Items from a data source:
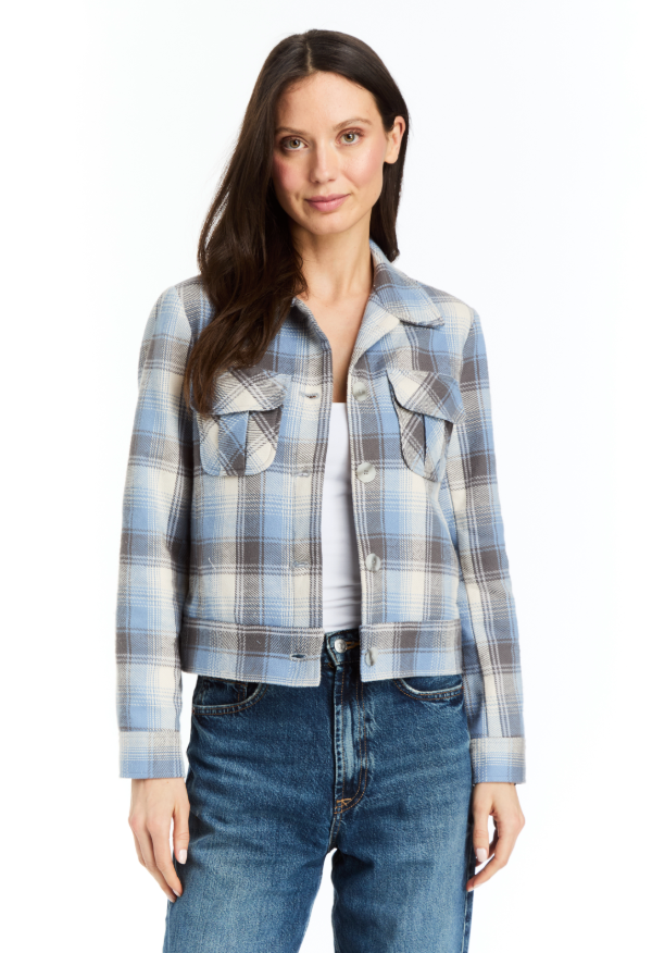 The Maribel Jacket is a versatile layer that blends polish with everyday ease. In classic Coffee, it offers a sleek solid finish for timeless styling, while the Sky plaid brings a fresh, modern twist with its soft check pattern. Designed with a relaxed fit and tailored detailing, this jacket is perfect for layering over everything from blouses to knits, making it a wardrobe staple you’ll wear on repeat.
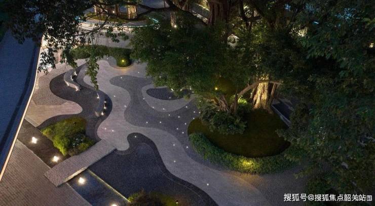 项目外部保留二十余株原生古榕树,承载岭南地域生态文脉,营造静谧的城市自然界面;内部打造约1.5万㎡中央立体园林,以围合式布局规划近百米楼间距,实现景观视野与通风采光的优化。
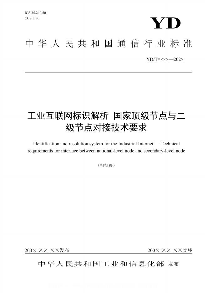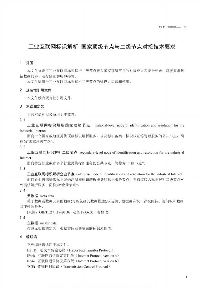 YD/T 6120-2024 工业互联网标识解析 国家顶级节点与二级节点对接技术要求
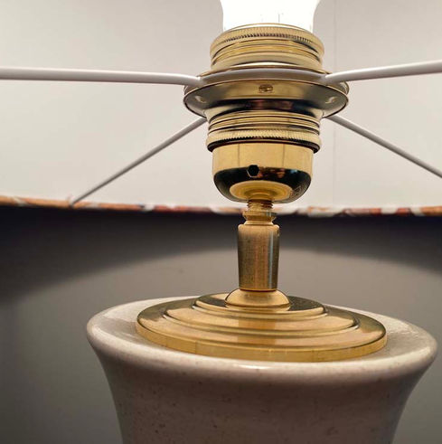 Deze vintage lampenvoet is van keramiek met lichte spikkels. Een tijdloos model wat past in elk interieur. ’s Avonds geeft zij sfeervol licht door de sjieke lampenkap die mooi het patroon laat zien als zij aan is. Voorzien van nieuwe elektra.
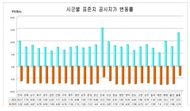 도내 시․군․구별 변동률은 예천군이 7.4%로 가장 많이 하락했고, 영양(7.34%), 봉화(7.32%), 문경(7.22%) 순으로 공시가격 현실화 수정계획에 따른 현실화율 조정이 가장 큰 하락요인으로 작용했다.
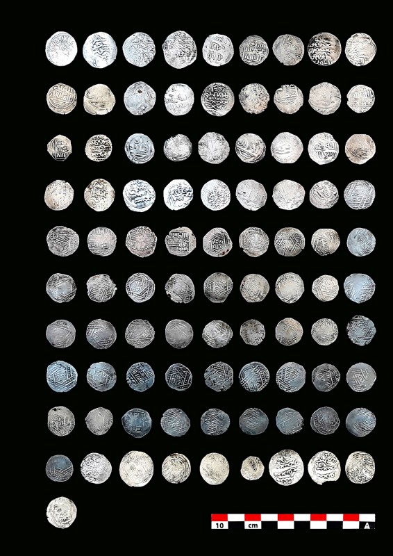Всего найдена 91 серебряная монета, на 47 из них имеется надпись с именем Абага-хана, правившего государством Ильханидов в 1265-1282 годы. Еще на 36 монетах прочитывается имя Аргун. С таким именем в тот период были известны две крупные исторические фигуры - Аргун-хан, правивший государством Ильханидов в 1284-1291 годы, и туркменский Аргун-шах, правивший Хорасаном с резиденцией в Мерве.

**REQUIREMENT:** Transcribe the entries from their first line to the line that holds "YD/T 6120-2024 工业互联网标识解析 国家顶级节点与二级节点对接技术要求", both included, and skip every picture.

**ANSWER:**
 The Maribel Jacket is a versatile layer that blends polish with everyday ease. In classic Coffee, it offers a sleek solid finish for timeless styling, while the Sky plaid brings a fresh, modern twist with its soft check pattern. Designed with a relaxed fit and tailored detailing, this jacket is perfect for layering over everything from blouses to knits, making it a wardrobe staple you’ll wear on repeat.
 项目外部保留二十余株原生古榕树,承载岭南地域生态文脉,营造静谧的城市自然界面;内部打造约1.5万㎡中央立体园林,以围合式布局规划近百米楼间距,实现景观视野与通风采光的优化。
 YD/T 6120-2024 工业互联网标识解析 国家顶级节点与二级节点对接技术要求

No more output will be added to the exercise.